Chris: “Provide empathy but when you get to the end of your empathic statements, full stop, let it sink in. Let your kid respond. Let them just process the fact that you acknowledged some of the dimensions of their emotional experience. We are all tempted to immediately follow our empathic statement with problem-solving. But when someone is in distress, whether it’s they didn’t like the news they heard from a college or the grade they got on a test or the fact that you know their significant other just broke up with him by text message, or whatever it might be, they don’t want to hear the solution right now and they probably know what the solution is anyway.”
About Dr. Chris Thurber
Dr. Christopher Thurber enjoys creating and sharing original content for business leaders, independent educators, and youth development professionals. He is a board-certified clinical psychologist, educator, author, and father. Chris earned his BA from Harvard University in 1991 and a Ph.D. in clinical psychology from UCLA in 1997.
A dedicated teacher from a young age, Chris has more than 30 years of experience working with camps and independent schools. He has written numerous book chapters and scholarly articles on leadership, homesickness, and youth development. An award-winning contributor to Camping Magazine and Camp Business, Chris has also shared his opinions and expertise on national and international radio, television, print media, podcasts, and webinars, including The Today Show, Martha Stewart, and CNN.

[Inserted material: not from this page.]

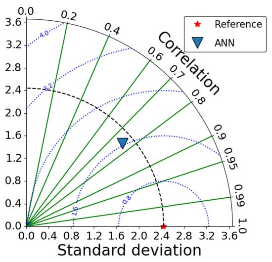 Taylor diagram for comparison between the FCO2 calculated with in situ data (Reference) and from the ANN pCO2sea reconstruction (ANN). The blue lines are the root mean square (RMS) error.

In 1999, after a two-year post-doctoral fellowship at the University of Washington School of Medicine, Chris accepted a position as psychologist and instructor at Phillips Exeter Academy, a coeducational, independent school in seacoast New Hampshire. Combining his love of research, teaching, and clinical work, Chris’s work at Exeter has grown to include publications and presentations for The Association of Boarding Schools (TABS) the British Boarding Schools Association (BSA) and the Australian Boarding Schools Association (ABSA).
Chris has keynoted conferences for all three associations and has delivered guest lectures on the differences between Chinese and American public education, as well as the complementary nature of schools and camps at schools in Beijing, Shanghai, Hangzhou, and Wenzhou.
In 2000, Chris and his lifelong friend, Dr. Jon Malinowski, co-authored the critically acclaimed Summer Camp Handbook, hailed by psychologist and parent, Dr. John Weisz, as “a remarkable accomplishment…the best in its field…required reading for every camper’s family…the most comprehensive and scientifically sound coverage of the camp experience available.”
The Summer Camp Handbook has since sold tens of thousands of copies, won a Parenting Press Gold Award, and been translated into Chinese. As part of his lifelong effort to enhance the camp experience for young people, Chris has been a guest on The Today Show, Martha Stewart, CNN, Fox, CBS Morning News, and NPR.
Chris is the Founder and CEO of CampSpirit, LLC, which provides consultation and training to professional educators and youth leaders around the world. As he traveled across five continents to present in-person staff training workshops, Chris realized that no directors of summer youth programs had enough time with their employees to provide all the necessary training prior to opening day. The increased complexity of health regulations and accreditation standards, as well as heightened awareness of child abuse and risk management, made training demands higher than ever, especially for seasonal employees and volunteers. But with a fixed period of time during which to conduct on-site training, an innovative educational solution was imperative.